Data Strategy

What Enables Connected Decision Systems: Inside a Modern Analytics Platform

By Syed Hussnain Sherazi | March 24, 2025 | Analytics Platform | Lakehouse | Governance

A practical breakdown of the layers inside a modern analytics platform and how they support decision systems.

A practical look at the layers that support data-driven organisations

A few years ago, building a serious data capability inside a company usually required a large specialist team: database administrators, ETL developers, BI developers, data scientists, and infrastructure engineers. The work was expensive, slow, and fragile. If the one person who understood a critical pipeline left, the whole reporting process could suffer.

Modern analytics platforms have changed that picture.
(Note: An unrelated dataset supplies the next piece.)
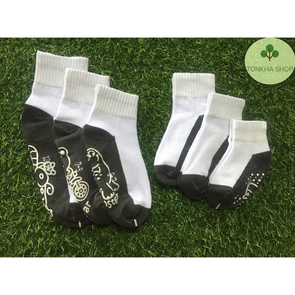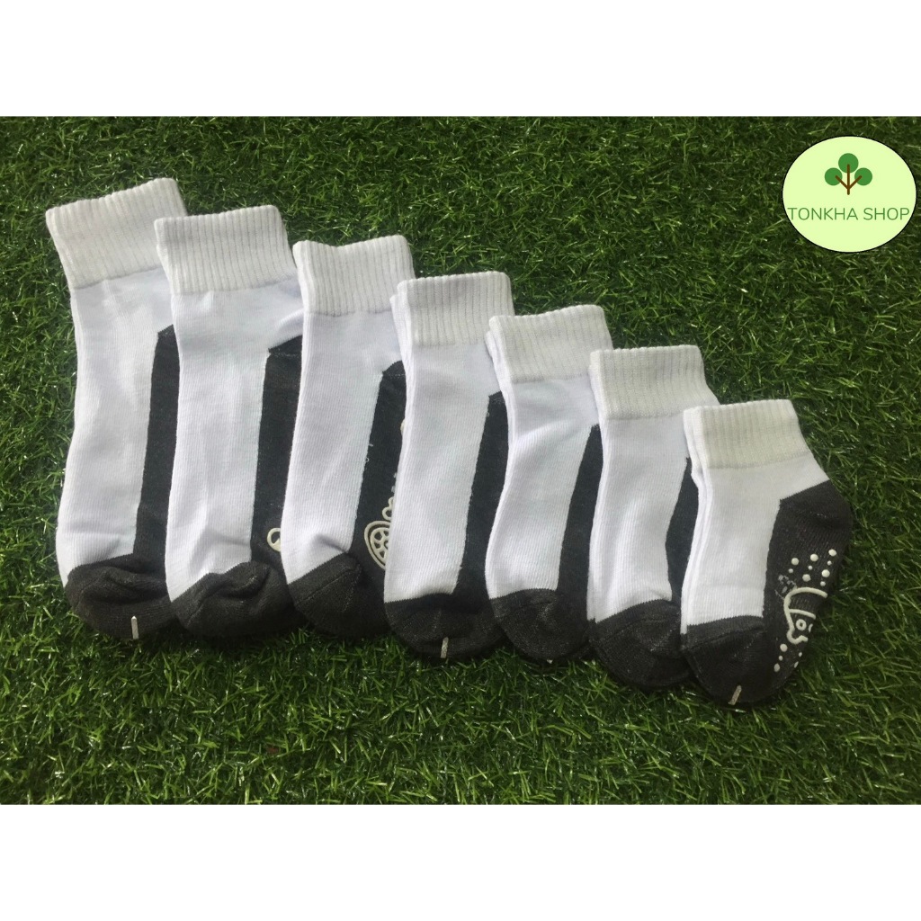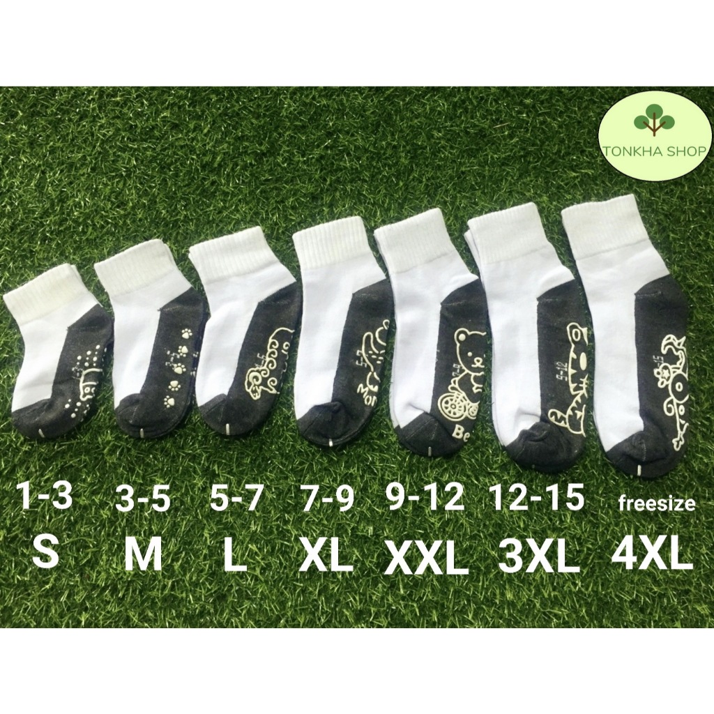ถุงเท้าเด็ก 1 คู่ ถุงเท้านักเรียน มีกันลื่น สีขาวพื้นดำ ไซส์ตามอายุ เกรด A อย่างดี หนา
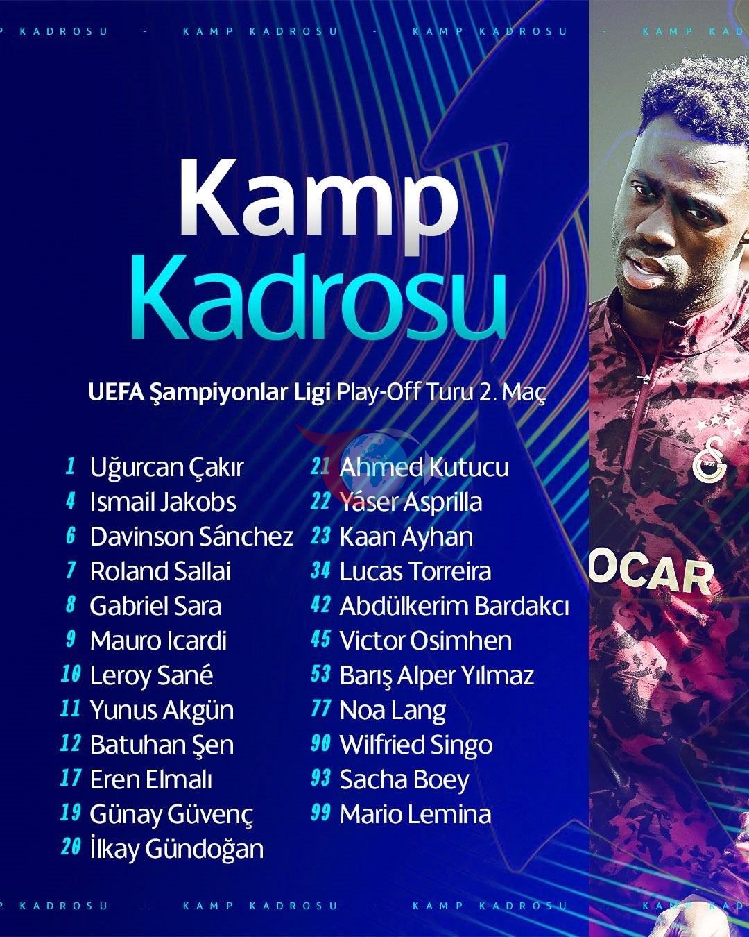 Galatasaray'ın yıldız oyuncusu Victor Osimhen, Juventus maçı kadrosuna dahil edildi. Osimhen, daha önce Süper Lig'de oynanan Konyaspor karşılaşmasında forma giymemiş, kulüp bu durumu tedbir amaçlı olarak açıklamıştı. Ancak, yıldız futbolcu kritik Juventus maçında takımındaki yerini alacak. UEFA'ya bildirilen listede yer almayan Arda Ünyay, Renato Nhaga ve Can Armando Güner ise bu maç için kadroya dahil edilmedi.

They bring many of those capabilities into a shared environment and reduce the amount of custom engineering needed to get reliable data into the hands of decision-makers. To evaluate them properly, it helps to understand what they are doing under the hood.

This article breaks down the main layers of a modern analytics platform and explains why each one matters.
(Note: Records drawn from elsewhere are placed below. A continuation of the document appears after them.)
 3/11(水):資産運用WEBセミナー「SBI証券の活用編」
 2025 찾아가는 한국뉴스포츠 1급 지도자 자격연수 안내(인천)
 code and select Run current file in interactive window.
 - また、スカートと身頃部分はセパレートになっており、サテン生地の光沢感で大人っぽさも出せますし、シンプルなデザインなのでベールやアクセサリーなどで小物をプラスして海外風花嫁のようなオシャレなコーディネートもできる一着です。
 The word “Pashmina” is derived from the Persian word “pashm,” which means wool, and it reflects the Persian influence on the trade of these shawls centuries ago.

The Core Problem These Platforms Solve

Organisations have data coming from dozens or hundreds of sources: transactional databases, SaaS applications, cloud services, IoT devices, spreadsheets, APIs, and streaming events. These sources use different formats, update at different frequencies, follow different schemas, and vary widely in quality.

At the same time, people across the business need answers quickly. They need figures they can trust, rather than answers that change depending on which system they open.

A modern analytics platform sits between scattered source data and reliable decision-making. It collects, stores, transforms, governs, and serves data so people and systems can use it with confidence.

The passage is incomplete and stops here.